Triangular spectra and their applications to derived categories of noetherian schemes

TL;DR

This paper introduces the triangular spectrum of a triangulated category and demonstrates its use in reconstructing noetherian schemes from their derived categories, providing new insights and alternative proofs for existing theorems.

Contribution

The paper defines the triangular spectrum for triangulated categories and applies it to reconstruct noetherian schemes, offering an alternative proof of a key reconstruction theorem.

Findings

Reconstructed noetherian schemes from their perfect derived categories using the triangular spectrum.

Defined a structure sheaf on the triangular spectrum and compared it with the Balmer spectrum.

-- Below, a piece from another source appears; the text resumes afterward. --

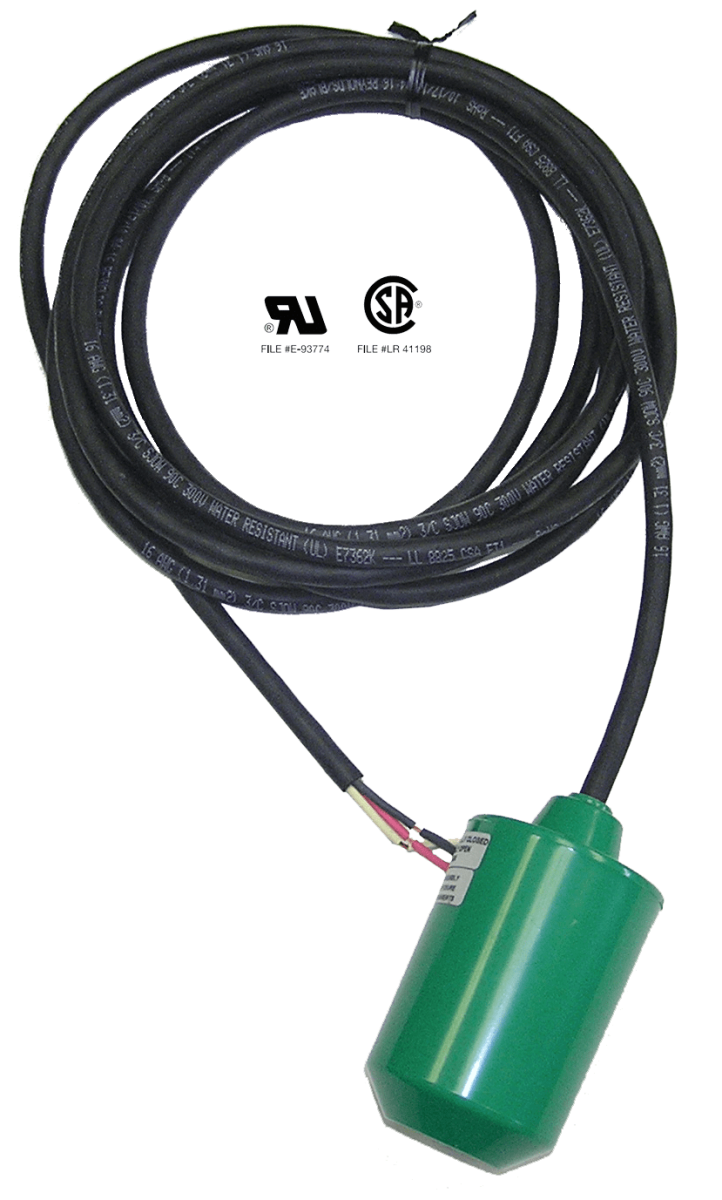 The liquid level control floats are manufactured with mechanical or mercury switches. The float material is High Impact Polystyrene for normal alarm, sump pump or water applications, For sewage, 1 or 2 H.P. or high temperature, 86°C (186°F) requirements Acrylonitrile Butadiene Styrene, (ABS) float material is provided.

Provided an alternative proof of the Bondal-Orlov-Ballard reconstruction theorem in specific cases.

Abstract

In recent work, for a triangulated category $\cT$, the author introduced a topological space $\tSpec(\cT)$ which we call the triangular spectrum of $\cT$ as a tensor-free analog of the Balmer spectrum for a tensor triangulated category. In this paper, we use the triangular spectrum to reconstruct a noetherian scheme $X$ from its perfect derived category $\dpf(X)$. As an application, we give an alternative proof of the Bondal-Orlov-Ballard reconstruction theorem in the special case (when both varieties have ample or anti-ample canonical bundles). Moreover, we define the structure sheaf on $\tSpec(\cT)$ and compare the triangular spectrum and the Balmer spectrum as ringed spaces.